Divided attention between mobile phones, laptops, TV, and tablets, a phenomenon known as second screening, may cause brain damage and trigger depression and emotional problems, scientists believe.
This behavior is happening right now in our future generation. Nearly two thirds of teenagers in Britain use a second screen while watching TV.
Researchers at the University of Sussex scanned the brains of 75 volunteers and questioned them about their use of mobile phones, computers as well as television and print media.
People who used a higher number of media devices had smaller grey matter density in the anterior cingulate cortex (ACC).
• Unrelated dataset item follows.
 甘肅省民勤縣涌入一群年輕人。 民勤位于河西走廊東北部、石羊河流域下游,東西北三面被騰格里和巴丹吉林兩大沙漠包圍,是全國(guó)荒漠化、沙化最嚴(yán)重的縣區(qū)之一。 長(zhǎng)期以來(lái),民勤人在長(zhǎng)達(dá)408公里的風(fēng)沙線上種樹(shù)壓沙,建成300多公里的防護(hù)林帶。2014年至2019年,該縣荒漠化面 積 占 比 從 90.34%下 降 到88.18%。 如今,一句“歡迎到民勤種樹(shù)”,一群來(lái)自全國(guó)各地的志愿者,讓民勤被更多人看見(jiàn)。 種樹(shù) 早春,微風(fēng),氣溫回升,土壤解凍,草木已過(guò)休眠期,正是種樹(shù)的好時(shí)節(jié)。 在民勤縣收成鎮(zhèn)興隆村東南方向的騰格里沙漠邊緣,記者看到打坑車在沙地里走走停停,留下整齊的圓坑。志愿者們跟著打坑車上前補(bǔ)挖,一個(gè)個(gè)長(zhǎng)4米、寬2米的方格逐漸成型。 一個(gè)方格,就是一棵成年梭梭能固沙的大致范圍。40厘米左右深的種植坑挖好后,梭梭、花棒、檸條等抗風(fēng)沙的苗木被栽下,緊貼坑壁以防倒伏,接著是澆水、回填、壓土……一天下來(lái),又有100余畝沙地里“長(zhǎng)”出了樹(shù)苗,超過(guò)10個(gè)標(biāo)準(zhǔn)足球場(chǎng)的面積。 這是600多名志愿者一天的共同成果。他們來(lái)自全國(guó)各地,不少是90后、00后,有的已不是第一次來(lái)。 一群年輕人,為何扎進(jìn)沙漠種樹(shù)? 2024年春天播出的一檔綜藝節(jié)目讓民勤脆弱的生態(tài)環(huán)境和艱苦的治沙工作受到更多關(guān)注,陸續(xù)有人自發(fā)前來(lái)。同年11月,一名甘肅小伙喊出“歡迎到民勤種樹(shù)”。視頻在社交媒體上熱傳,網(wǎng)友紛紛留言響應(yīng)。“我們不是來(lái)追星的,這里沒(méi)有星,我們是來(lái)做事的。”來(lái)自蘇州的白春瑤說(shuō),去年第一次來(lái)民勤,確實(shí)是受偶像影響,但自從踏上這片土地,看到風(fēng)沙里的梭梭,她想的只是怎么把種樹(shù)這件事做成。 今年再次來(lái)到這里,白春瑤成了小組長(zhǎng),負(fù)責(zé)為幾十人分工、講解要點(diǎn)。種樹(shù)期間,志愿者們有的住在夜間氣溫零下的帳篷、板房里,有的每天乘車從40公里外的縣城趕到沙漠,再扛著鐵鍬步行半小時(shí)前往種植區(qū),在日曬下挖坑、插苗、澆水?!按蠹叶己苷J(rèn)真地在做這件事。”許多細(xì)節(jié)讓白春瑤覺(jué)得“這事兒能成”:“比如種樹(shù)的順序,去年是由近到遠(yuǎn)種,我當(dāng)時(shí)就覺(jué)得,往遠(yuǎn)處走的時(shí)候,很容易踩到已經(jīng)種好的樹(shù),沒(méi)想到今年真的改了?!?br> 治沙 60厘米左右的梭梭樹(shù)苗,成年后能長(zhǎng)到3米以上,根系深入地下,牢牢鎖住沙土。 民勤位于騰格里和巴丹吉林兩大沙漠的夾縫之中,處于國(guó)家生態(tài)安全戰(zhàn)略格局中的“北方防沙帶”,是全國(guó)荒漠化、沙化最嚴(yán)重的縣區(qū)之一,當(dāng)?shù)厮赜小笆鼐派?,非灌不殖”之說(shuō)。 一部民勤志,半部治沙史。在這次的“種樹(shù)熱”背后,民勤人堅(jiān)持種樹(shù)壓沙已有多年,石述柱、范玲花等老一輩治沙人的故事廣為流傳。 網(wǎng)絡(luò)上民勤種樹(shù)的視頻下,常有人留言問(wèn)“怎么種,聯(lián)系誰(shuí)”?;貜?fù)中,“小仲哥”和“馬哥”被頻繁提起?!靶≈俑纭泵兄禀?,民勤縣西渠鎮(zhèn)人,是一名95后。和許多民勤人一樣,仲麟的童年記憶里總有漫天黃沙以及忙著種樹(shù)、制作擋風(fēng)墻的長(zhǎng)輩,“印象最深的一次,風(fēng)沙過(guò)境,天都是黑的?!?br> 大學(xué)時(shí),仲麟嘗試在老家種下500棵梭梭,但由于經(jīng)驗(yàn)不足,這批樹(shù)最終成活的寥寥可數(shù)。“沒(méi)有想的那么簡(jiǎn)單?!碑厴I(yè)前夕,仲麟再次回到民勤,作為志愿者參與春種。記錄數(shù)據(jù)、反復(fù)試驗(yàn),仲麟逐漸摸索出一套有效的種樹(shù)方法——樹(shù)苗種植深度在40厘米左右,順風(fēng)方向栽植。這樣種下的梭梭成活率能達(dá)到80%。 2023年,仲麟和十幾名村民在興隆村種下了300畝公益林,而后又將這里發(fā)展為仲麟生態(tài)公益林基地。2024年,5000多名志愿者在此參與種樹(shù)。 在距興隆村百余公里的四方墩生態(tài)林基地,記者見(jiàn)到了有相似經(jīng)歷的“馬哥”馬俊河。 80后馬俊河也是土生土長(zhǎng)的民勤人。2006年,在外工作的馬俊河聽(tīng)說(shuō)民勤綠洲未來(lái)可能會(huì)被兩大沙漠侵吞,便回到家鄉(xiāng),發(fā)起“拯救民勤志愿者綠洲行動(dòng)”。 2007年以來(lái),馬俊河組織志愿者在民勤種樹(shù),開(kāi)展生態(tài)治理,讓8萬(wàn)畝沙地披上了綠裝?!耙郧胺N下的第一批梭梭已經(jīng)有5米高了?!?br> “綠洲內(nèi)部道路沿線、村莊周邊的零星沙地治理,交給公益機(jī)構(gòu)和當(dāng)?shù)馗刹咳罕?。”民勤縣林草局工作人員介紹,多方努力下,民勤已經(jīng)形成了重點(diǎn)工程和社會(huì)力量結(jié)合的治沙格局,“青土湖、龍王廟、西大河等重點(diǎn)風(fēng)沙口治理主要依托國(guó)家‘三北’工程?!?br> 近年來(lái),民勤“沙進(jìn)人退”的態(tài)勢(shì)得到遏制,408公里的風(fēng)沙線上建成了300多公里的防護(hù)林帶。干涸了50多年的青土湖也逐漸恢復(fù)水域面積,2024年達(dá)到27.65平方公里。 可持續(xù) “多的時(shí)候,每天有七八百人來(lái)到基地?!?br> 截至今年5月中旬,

That area of the brain was smaller in people who used the most electronic devices simultaneously. It's the area which regulates emotions and is involved in decision making, reasoning, impulse control and empathy.
Scientists have previously demonstrated that prolonged exposure to new environments and experiences can alter the brain.
In one instance, London taxi drivers who have learned every route in the complicated city are known to have an enlarged hippocampus in the brain, associated with navigation in birds and animals.
Also, jugglers increase the white matter in their brains through practice, which speeds up movement and reaction time.
In the latest research, the team at the University of Sussex's Sackler Centre for Consciousness supports earlier studies showing connections between high media-multitasking activity and poor attention in the face of distractions, along with emotional problems such as depression and anxiety. Has society gone mad?
Futuristic novel plots, like I Robot, highlight the drawbacks. Perhaps the swift march of technical progress will really lead to mankind's downfall, after which we allow robots to take over.
Leaving fiction aside, the damage caused by media-multitasking is worrying, isn't it?